Option two would be pump glycol on a copper tube coiled on the ceiling. Again a mini freezer could cool a glycol solution.
What temperature? 20C wouldn’t be too hard to get. I have put a carboy in a square ice chest with two liter ice jugs. Yes it sticks out but I wrapped a winter coat over the top.
I use the esky with frozen wine bladders approach for my kimchee, cucumber and sauerkraut fermentation and does the job really well. The initial build I want to keep low tech until I confirm that the build works as expected. Then I will add the smarts.
 
I am keeping it at around 27C. I am toying with the idea to make a fermenting cabinet out of cool room panel to keep the fermenters at around 20C, On the previous wines I did not detect any reductive flavors.
FYI; Saw this about a small temperature control system. It looks expensive compared to a small one carboy chest freezer.

 
FYI; Saw this about a small temperature control system. It looks expensive compared to a small one carboy chest freezer.


Thanks for the video.
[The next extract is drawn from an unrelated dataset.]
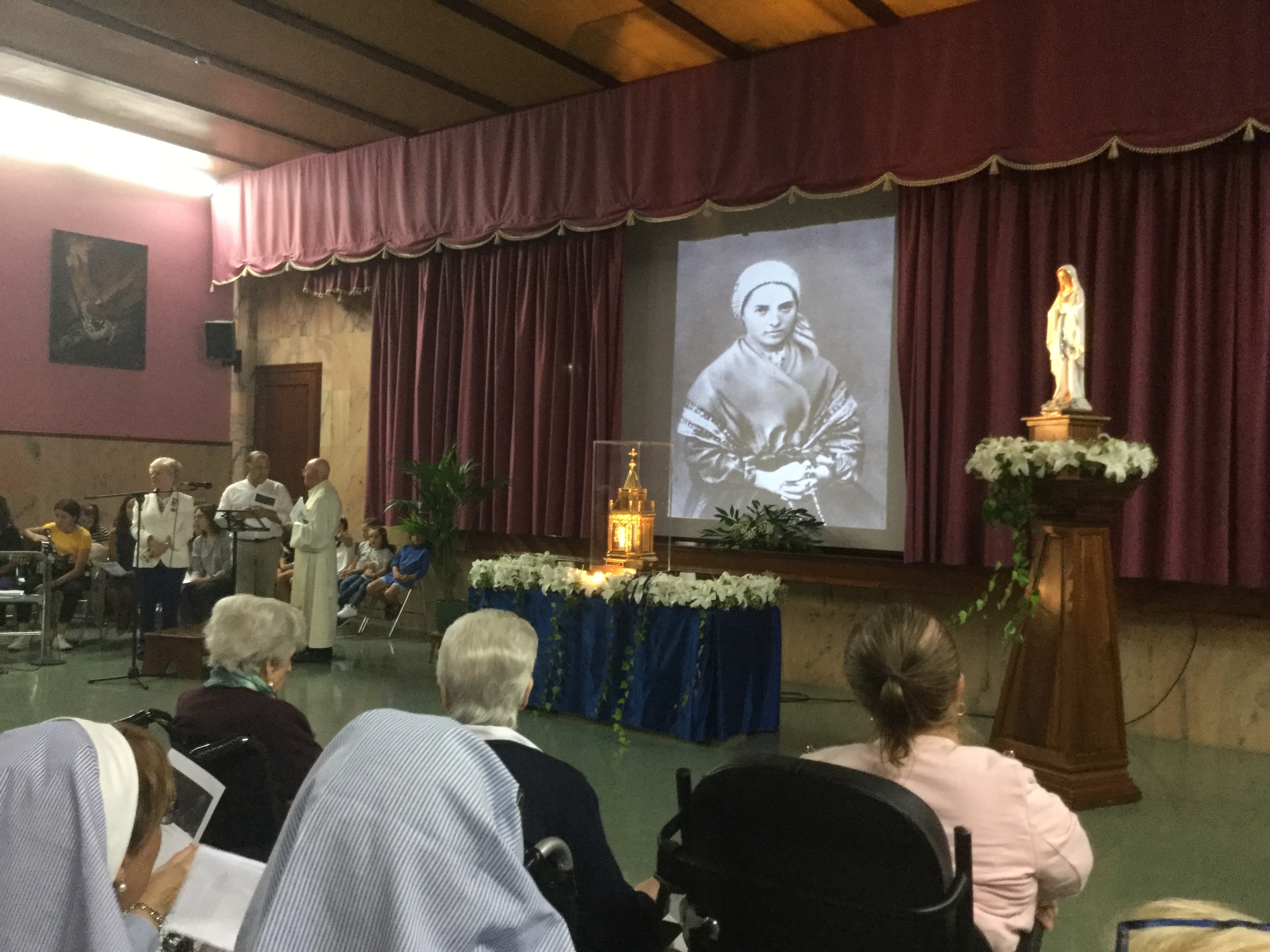 El jueves a media tardes, antes de ponerse rumbo a la Parroquia de San José Obrero, la reliquia de Santa Bernadette hizo una visita especial para llevar el consuelo a tantos residentes, que en el Asilo de San José, viven su enfermedad con confianza en Dios. A ellos Bernadette les acercó la mirada maternal de la Virgen, Ntra. Sra. de Lourdes, a la que muchos de los residentes peregrinan anualmente con nuestra peregrinación diocesana en la semana de Pascua.

I may have another way, as a friend here believes he can get me an old chest freezer carcass and it modified to take a bar refrigerator cooling system with a modified controller to have it stay at 18-20 degrees C. So that is an easier option that building from scratch :)
 
Checked the wine this morning an I have sone sort of growth on the top. I think it may be some sort of mold. The wine does not have any discernable odor indicating that it is off but I am contemplating tossing this lot to be on the safe side.

Any thoughts on what type of mold it could be?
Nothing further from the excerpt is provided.